◆ **Action item**
Set down every entry again word for word, please, but skip the pictures.

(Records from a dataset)
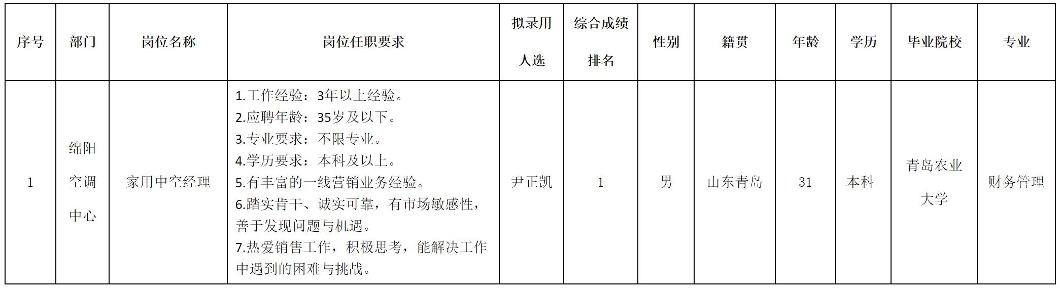 根據(jù)長虹·美菱中國區(qū)營銷總部發(fā)布的招聘公告及招聘相關(guān)規(guī)定,經(jīng)面試、考察、體檢等程序,擬錄用尹正凱同志到公司工作,現(xiàn)予以公示,具體情況如下:
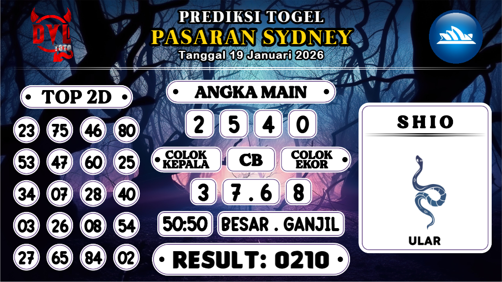 Prediksi yang bagus dan jitu harus dimainkan hanya pada Bandar Togel Terpercaya. Mengapa? Karena banyak sekali Bandar Togel Online di luar sana yang tidak bertanggungjawab atau biasa disebut Bandar Rampok. Untuk itu Kami Bocoran Mbah sangat merekomendasikan Agen Togel Online DVLTOTO yang sudah sangat terpercaya sejak 2015 dan sudah ribuan member berhasil withdraw dengan nominal Ratusan juta setiap harinya. Demikianlah Prediksi Sydney Hari Ini Senin 19 Januari 2026 yang di berikan di atas. Salam Jackpot!
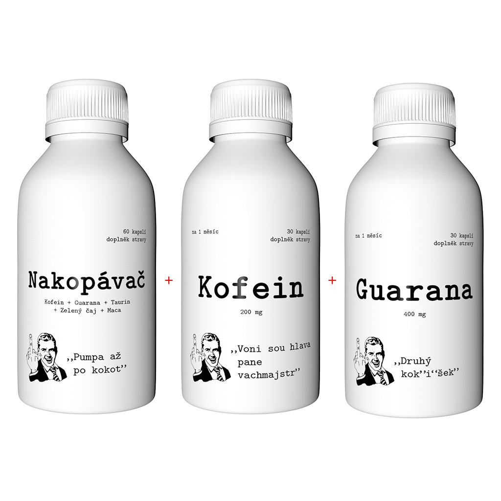 Složení: Kombinace tří samostatných doplňků stravy nakopávač, kofein, guarana.
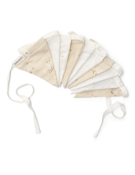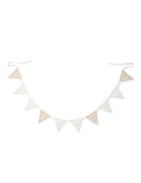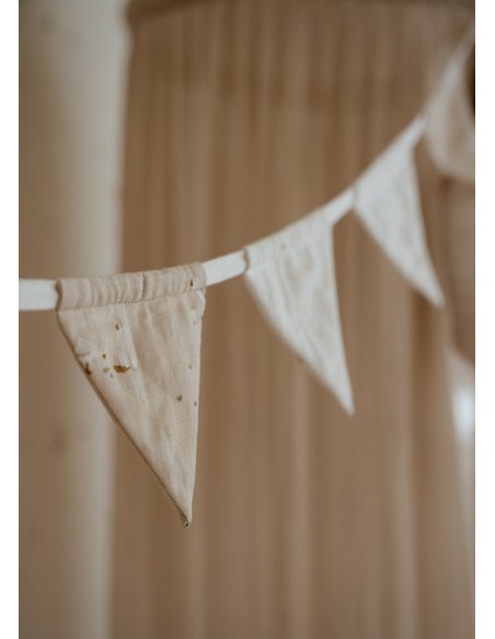 Illuminez la chambre de bébé avec cette jolie guirlande de drapeaux. Qui a dit que les guirlandes étaient réservées aux fêtes ! Elles égayent instantanément une pièce. Sur le mur, autour du ciel de lit, sur une étagère ou pour décorer une tente de jeu.
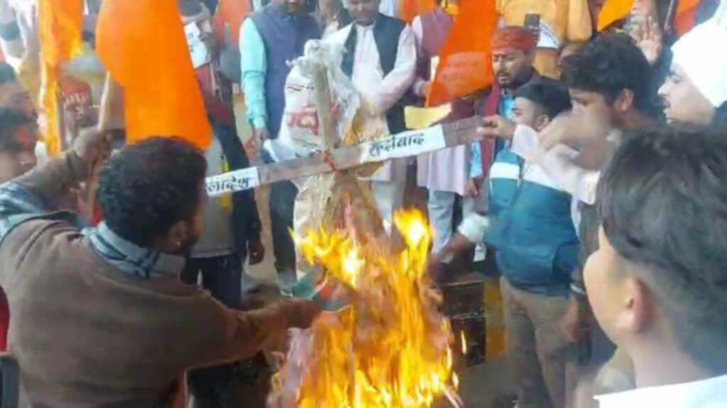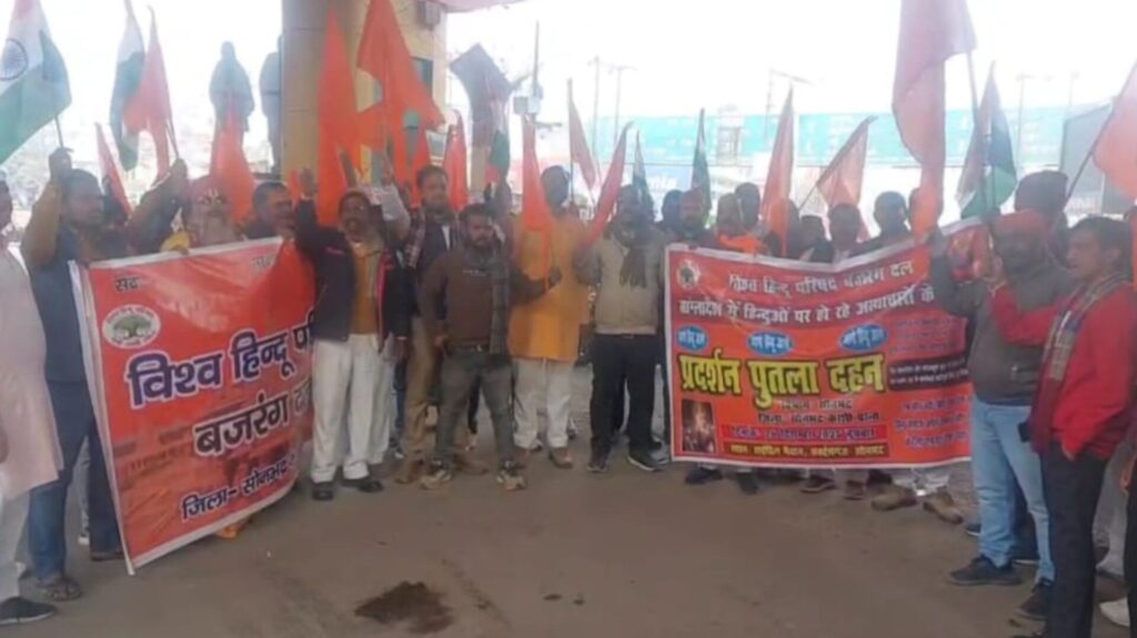 Sonbhadra । बांग्लादेश में हिंदू समुदाय के खिलाफ लगातार हो रही हिंसा और हिंदू युवक दीपू दास की निर्मम हत्या के विरोध में देशभर में आक्रोश फैल गया है। इसी कड़ी में बुधवार को रॉबर्ट्सगंज में नरसिंह त्रिपाठी के नेतृत्व में हिंदू संगठनों ने जोरदार प्रदर्शन किया। बजरंग दल और विश्व हिंदू परिषद के नेतृत्व में सैकड़ों की संख्या में लोग सड़कों पर उतरे और बांग्लादेश का परिकात्मक पुतला दहन किया और “युसूफ खान मुर्दाबाद”, “बांग्लादेश मुर्दाबाद” जैसे नारे लगाए।
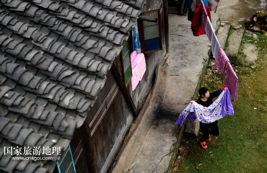 3月27日,一名土家女子在慶陽(yáng)古街的吊腳樓前晾曬衣被。
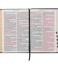 This Bible includes all the essentials you need from a luxury Bible and includes a presentation page at the front, thumb indexing, gilt-edged pages, and a satin ribbon marker. A lay-flat binding lets the Bible open flat on a table without damage to the spine.
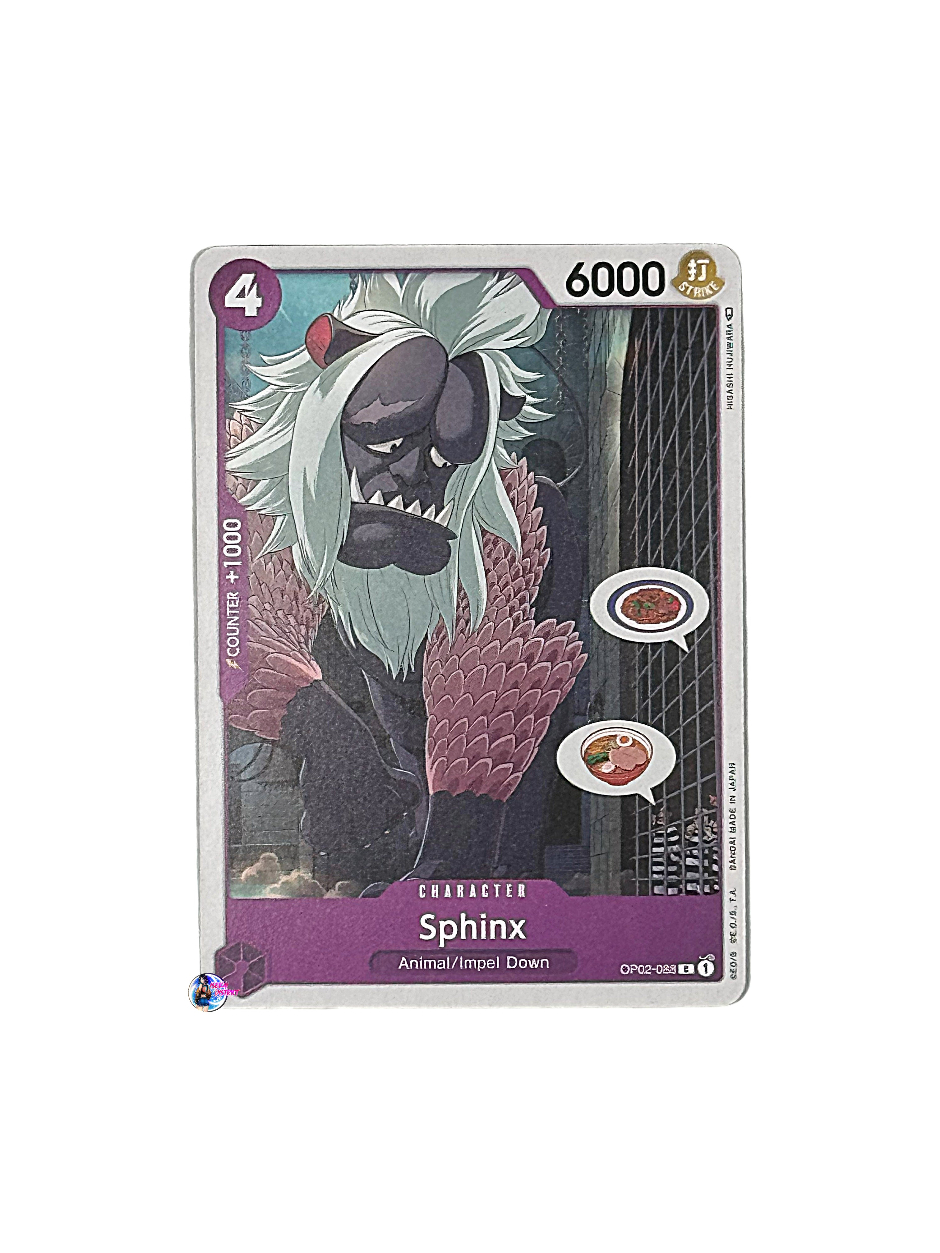 Card Type: CharacterColor: PurpleCost: 4Power: 6000Attribute: StrikeSubtype(s): Animal, Impel DownRarity: Common Description: Sphinx from the Paramount War (OP02-088) set is...
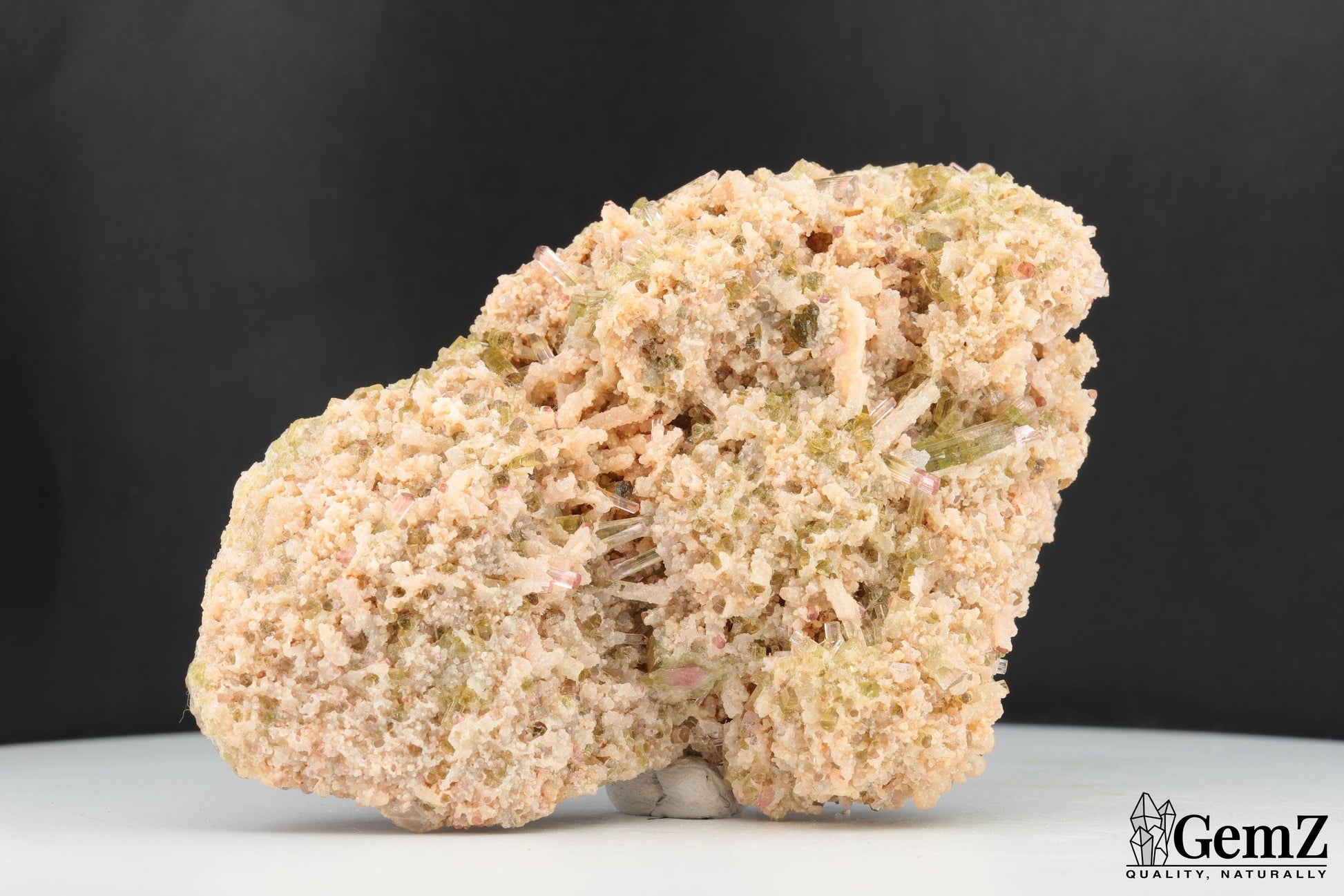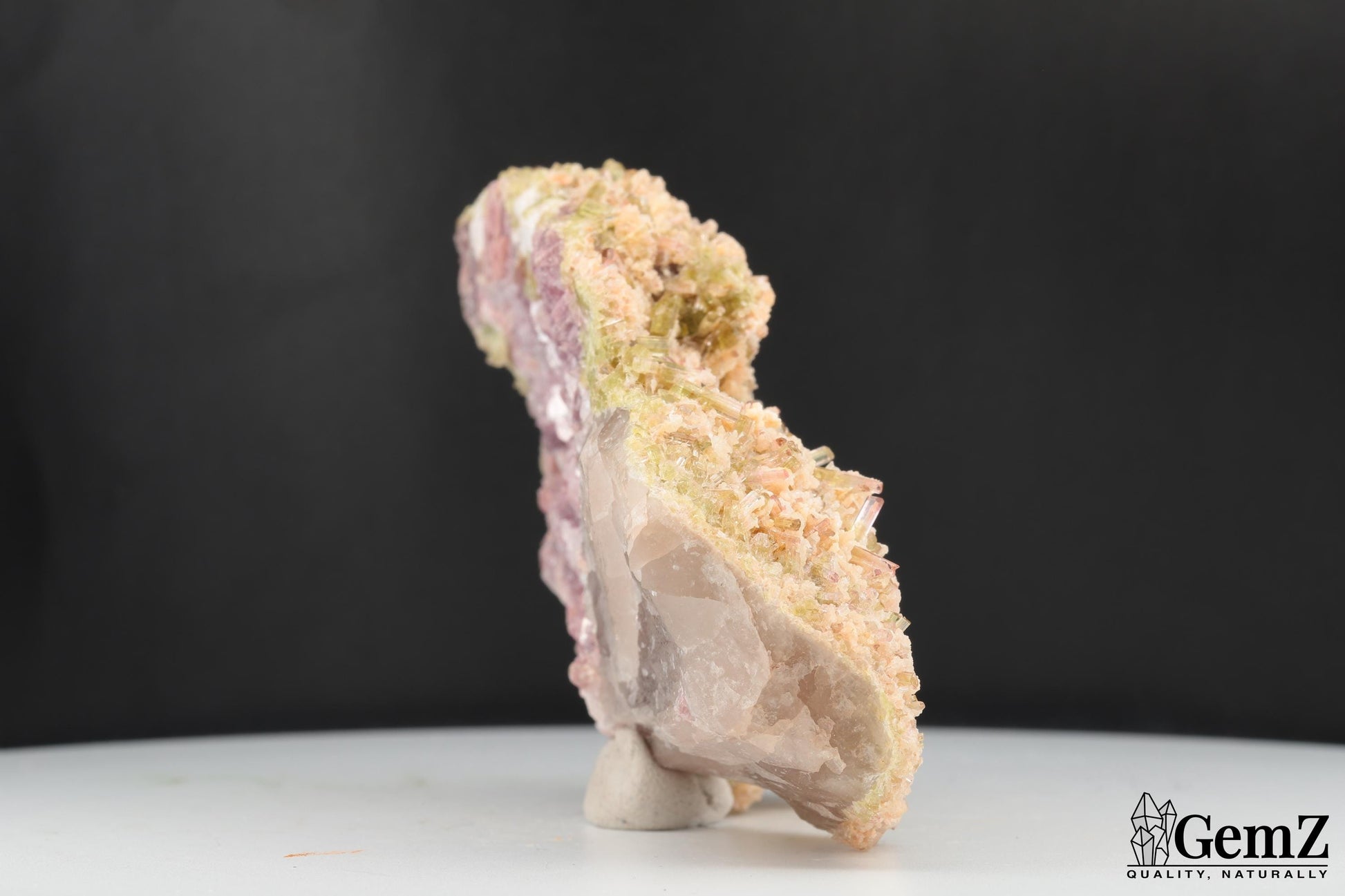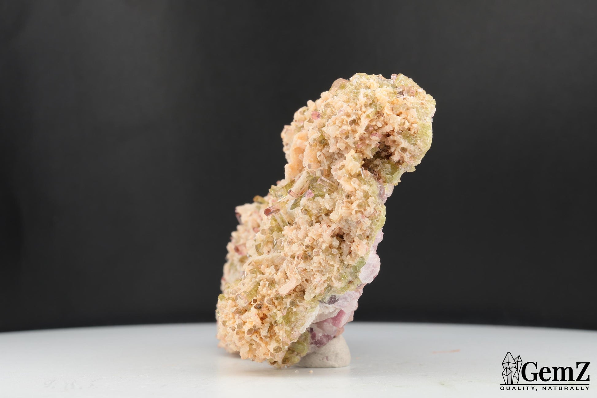 Admirez ce superbe spécimen naturel composé de fins cristaux de tourmaline multicolores, délicatement répartis sur une gangue de quartz et de lépidolite. Les nuances de vert, rose et blanc offrent un spectacle visuel unique et captivant, témoignant de la beauté des formations naturelles du Pakistan.
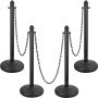 Los componentes de las barreras de aparcamiento son solo 4 partes. Cada poste tiene una cadena de 39 pulgadas de largo, y puede colocar los postes en una línea o en un círculo según su necesario.
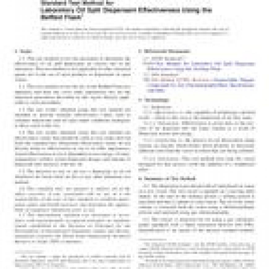 1.1This test method covers the procedure to determine the effectiveness of oil spill dispersants on various oils in the laboratory. This test method is not applicable to other chemical agents nor to the use of such products or dispersants in open waters.

◆ **Problem solution**
 根據(jù)長虹·美菱中國區(qū)營銷總部發(fā)布的招聘公告及招聘相關(guān)規(guī)定,經(jīng)面試、考察、體檢等程序,擬錄用尹正凱同志到公司工作,現(xiàn)予以公示,具體情況如下:
 Prediksi yang bagus dan jitu harus dimainkan hanya pada Bandar Togel Terpercaya. Mengapa? Karena banyak sekali Bandar Togel Online di luar sana yang tidak bertanggungjawab atau biasa disebut Bandar Rampok. Untuk itu Kami Bocoran Mbah sangat merekomendasikan Agen Togel Online DVLTOTO yang sudah sangat terpercaya sejak 2015 dan sudah ribuan member berhasil withdraw dengan nominal Ratusan juta setiap harinya. Demikianlah Prediksi Sydney Hari Ini Senin 19 Januari 2026 yang di berikan di atas. Salam Jackpot!
 Složení: Kombinace tří samostatných doplňků stravy nakopávač, kofein, guarana.
 Illuminez la chambre de bébé avec cette jolie guirlande de drapeaux. Qui a dit que les guirlandes étaient réservées aux fêtes ! Elles égayent instantanément une pièce. Sur le mur, autour du ciel de lit, sur une étagère ou pour décorer une tente de jeu.
 Sonbhadra । बांग्लादेश में हिंदू समुदाय के खिलाफ लगातार हो रही हिंसा और हिंदू युवक दीपू दास की निर्मम हत्या के विरोध में देशभर में आक्रोश फैल गया है। इसी कड़ी में बुधवार को रॉबर्ट्सगंज में नरसिंह त्रिपाठी के नेतृत्व में हिंदू संगठनों ने जोरदार प्रदर्शन किया। बजरंग दल और विश्व हिंदू परिषद के नेतृत्व में सैकड़ों की संख्या में लोग सड़कों पर उतरे और बांग्लादेश का परिकात्मक पुतला दहन किया और “युसूफ खान मुर्दाबाद”, “बांग्लादेश मुर्दाबाद” जैसे नारे लगाए।
 3月27日,一名土家女子在慶陽(yáng)古街的吊腳樓前晾曬衣被。
 This Bible includes all the essentials you need from a luxury Bible and includes a presentation page at the front, thumb indexing, gilt-edged pages, and a satin ribbon marker. A lay-flat binding lets the Bible open flat on a table without damage to the spine.
 Card Type: CharacterColor: PurpleCost: 4Power: 6000Attribute: StrikeSubtype(s): Animal, Impel DownRarity: Common Description: Sphinx from the Paramount War (OP02-088) set is...
 Admirez ce superbe spécimen naturel composé de fins cristaux de tourmaline multicolores, délicatement répartis sur une gangue de quartz et de lépidolite. Les nuances de vert, rose et blanc offrent un spectacle visuel unique et captivant, témoignant de la beauté des formations naturelles du Pakistan.
 Los componentes de las barreras de aparcamiento son solo 4 partes. Cada poste tiene una cadena de 39 pulgadas de largo, y puede colocar los postes en una línea o en un círculo según su necesario.
 1.1This test method covers the procedure to determine the effectiveness of oil spill dispersants on various oils in the laboratory. This test method is not applicable to other chemical agents nor to the use of such products or dispersants in open waters.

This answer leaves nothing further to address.